* How to complete this task: Your copy of the entries below should hold exactly the lines from the one containing "Caustic's rise in" to the one containing "Кулон с камнем", inclusive, and no pictures.

* Material provided:
⁂

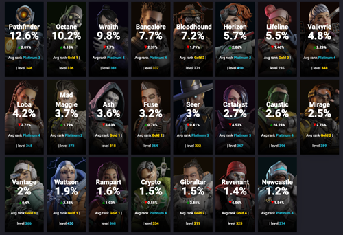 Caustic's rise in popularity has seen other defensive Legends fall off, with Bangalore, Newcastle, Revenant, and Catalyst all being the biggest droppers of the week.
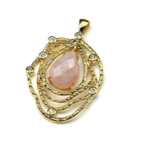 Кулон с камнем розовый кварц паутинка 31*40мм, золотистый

⁂

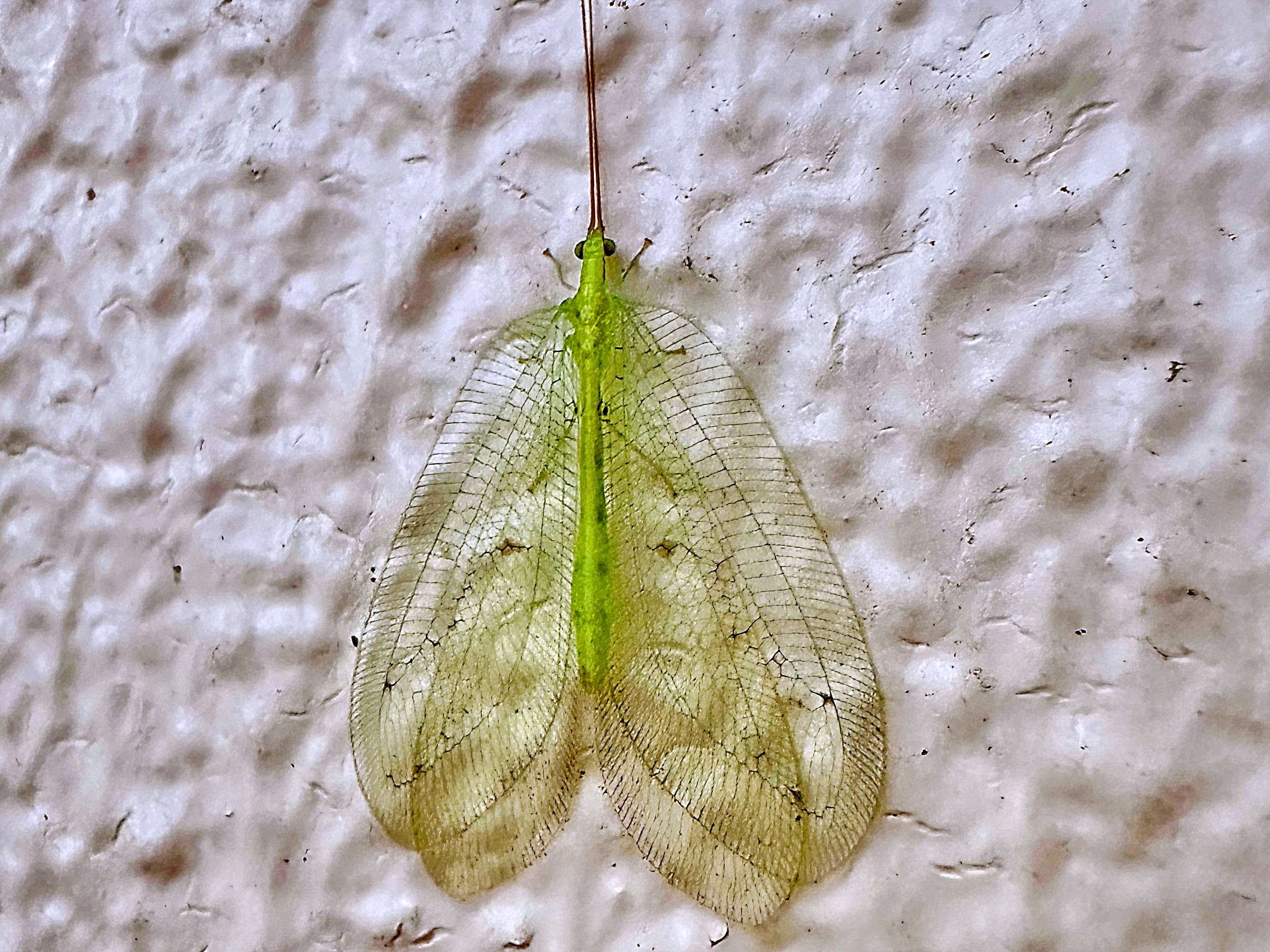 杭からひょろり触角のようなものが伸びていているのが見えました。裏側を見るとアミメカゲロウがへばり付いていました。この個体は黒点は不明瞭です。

⁂

* Solution for this exercise:
 Caustic's rise in popularity has seen other defensive Legends fall off, with Bangalore, Newcastle, Revenant, and Catalyst all being the biggest droppers of the week.
 Кулон с камнем розовый кварц паутинка 31*40мм, золотистый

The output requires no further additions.